I posted on this site because I actually thought it was a legitimate 'advice' site where I might get some answers without anyone knowing who I am. I certainly can't talk about this with anyone I know. I don't expect anyone else has experienced what I have, but I know there are men that have had their lives upset by their wives actions. Frankly, I don't care if you believe me or not, but I still hope there may be someone that has been traumatized by their wife's actions and can empathize with me. I don't even know what kind of advice I expect or hope for; my mind is just plain screwed up right now.
Just to set the record straight, this is not something I made up. Am I sure its my wife? Absolutely, and I am also sure the video was made in the house we lived in from July 1968 until 1971. She was showing her pregnancy with our 1st son by February 1969, so the films were made between 7/68 and at the latest early Feb 1969. There was more than one film in the video; there were different men at different times, and she som
Never mind, believe it or not.


----------



## t_hopper_2012 (Apr 17, 2012)

All right. I will ask a serious question or two.

You say you need to talk about it. Have you talked to her about it? Have you showed her the video?

If so, what did she say? If not, why not?


----------



## soccermom2three (Jan 4, 2013)

Why don't you just ask her about it?


----------



## Brigit (Apr 28, 2015)

SecondTime'Round said:


> Porn videos from over 40 years ago are available on the internet?


...interesting.


----------



## soccermom2three (Jan 4, 2013)

I think the reason people don't believe these threads is because asking your spouse about what you found would be like the first thing a person would do. Why would you go on the Internet and ask for advice? You have the evidence right in front of you. It's not like you have to prove anything?


----------



## Brigit (Apr 28, 2015)

PhillyGuy13 said:


> "She was with two or three men"
> 
> Which was it? Two men or three men?
> 
> ...


Take them back to the store.


----------



## tech-novelist (May 15, 2014)

Apparently it's never too late to get a divorce:

Italian Man, 99, Divorcing Wife of 77 Years Over 60-Year-Old Affair - ABC News


----------



## ConanHub (Aug 9, 2013)

Tell her you have a nice surprise for her. Invite a couple of friends if you are bold enough.

Play her movie.
_Posted via Mobile Device_


----------



## yeah_right (Oct 23, 2013)

Kids are bored this time of year, and with a long weekend to boot.


----------



## Brigit (Apr 28, 2015)

yeah_right said:


> Kids are bored this time of year, and with a long weekend to boot.

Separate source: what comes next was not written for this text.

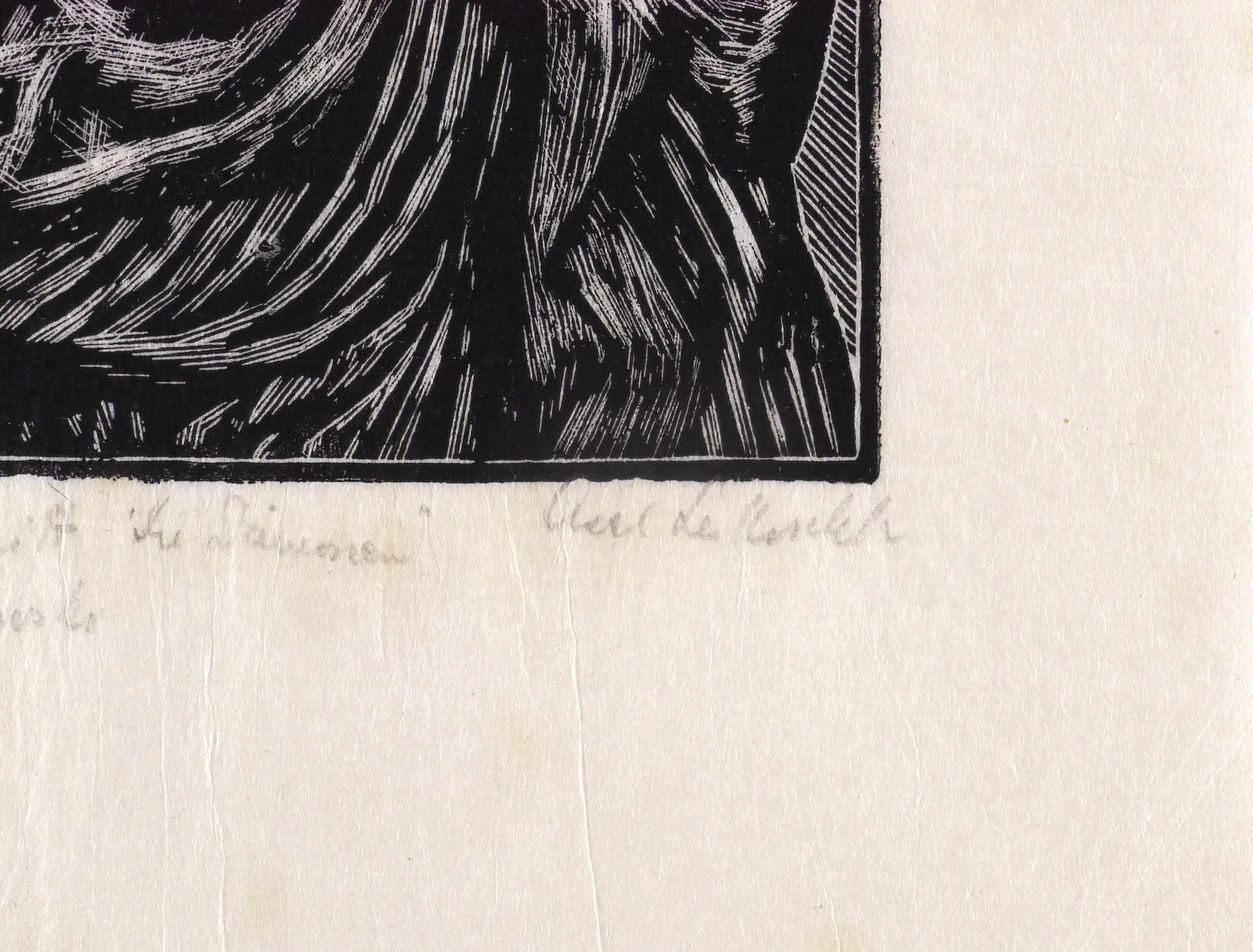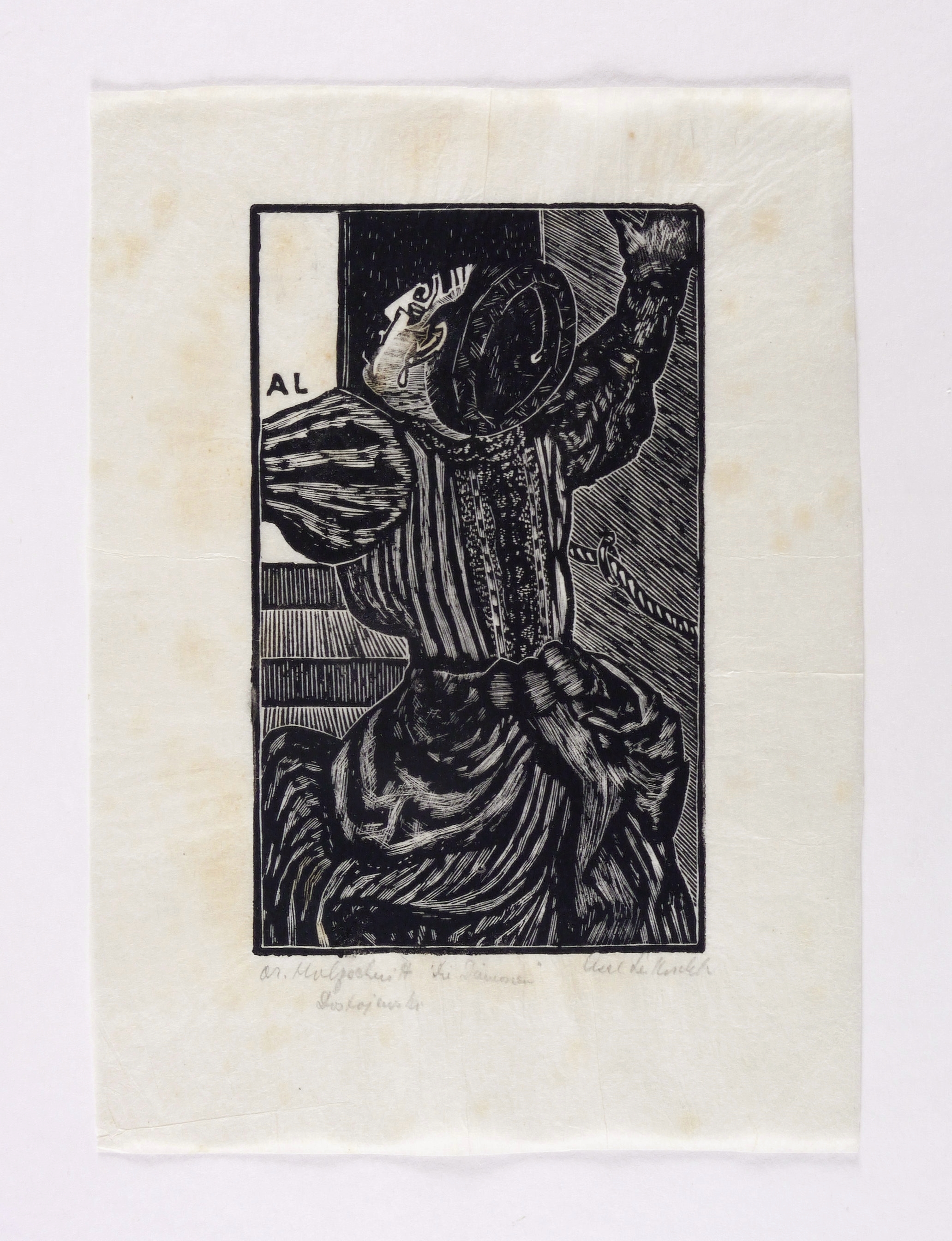1941-1948. Holzschnitt, in Schwarz, auf feinstem chamois Japan. – Originale Künstlergrafik, von Axl Leskoschek. – 16,4 x 9,9 cm (Darstellung / Druckstock), 24 x 17 cm (Blatt).

Shhh...I'm waiting to see what happens.


----------



## yeah_right (Oct 23, 2013)

Brigit said:


> Shhh...I'm waiting to see what happens.


Ohhh, I meant to say...

So sorry to hear this. Please tell us more about this video!


----------



## Thor (Oct 31, 2011)

livinginhell said:


> I posted on this site because I actually thought it was a legitimate 'advice' site where I might get some answers without anyone knowing who I am. I certainly can't talk about this with anyone I know. I don't expect anyone else has experienced what I have, but I know there are men that have had their lives upset by their wives actions. Frankly, I don't care if you believe me or not, but I still hope there may be someone that has been traumatized by their wife's actions and can empathize with me. I don't even know what kind of advice I expect or hope for; my mind is just plain screwed up right now.
> Just to set the record straight, this is not something I made up. Am I sure its my wife? Absolutely, and I am also sure the video was made in the house we lived in from July 1968 until 1971. She was showing her pregnancy with our 1st son by February 1969, so the films were made between 7/68 and at the latest early Feb 1969. There was more than one film in the video; there were different men at different times, and she som
> Never mind, believe it or not.


This scenario is certainly one of the hot buttons we see from trolls regularly. No wonder you're getting a lot of accusations.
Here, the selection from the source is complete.